** Given data follows **
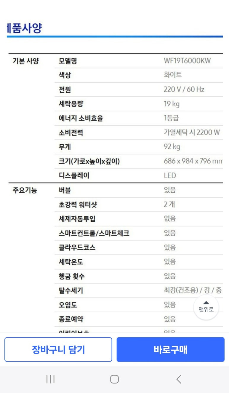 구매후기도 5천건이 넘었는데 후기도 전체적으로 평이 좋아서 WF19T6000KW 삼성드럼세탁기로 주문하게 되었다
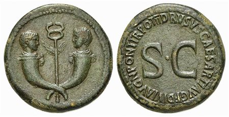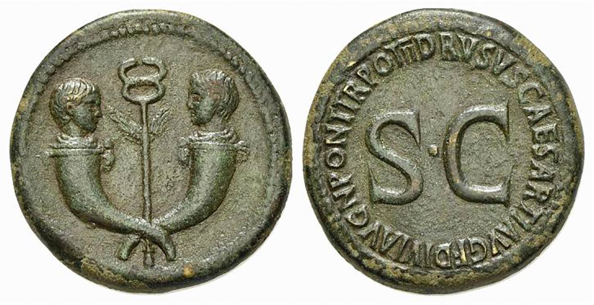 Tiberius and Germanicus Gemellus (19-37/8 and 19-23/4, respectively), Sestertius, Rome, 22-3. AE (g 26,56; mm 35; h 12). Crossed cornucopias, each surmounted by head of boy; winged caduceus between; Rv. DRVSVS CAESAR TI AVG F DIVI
** End of Given data **
** Given data follows **
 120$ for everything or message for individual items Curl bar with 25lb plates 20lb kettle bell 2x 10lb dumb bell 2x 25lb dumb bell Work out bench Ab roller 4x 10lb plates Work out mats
** End of Given data **
Set the pictures aside and reproduce exactly the lines above, from the line holding "구매후기도 5천건이 넘었는데" through the line holding "Tiberius and Germanicus", both included, with nothing else.

> **Solution to this exercise**:
 구매후기도 5천건이 넘었는데 후기도 전체적으로 평이 좋아서 WF19T6000KW 삼성드럼세탁기로 주문하게 되었다
 Tiberius and Germanicus Gemellus (19-37/8 and 19-23/4, respectively), Sestertius, Rome, 22-3. AE (g 26,56; mm 35; h 12). Crossed cornucopias, each surmounted by head of boy; winged caduceus between; Rv. DRVSVS CAESAR TI AVG F DIVI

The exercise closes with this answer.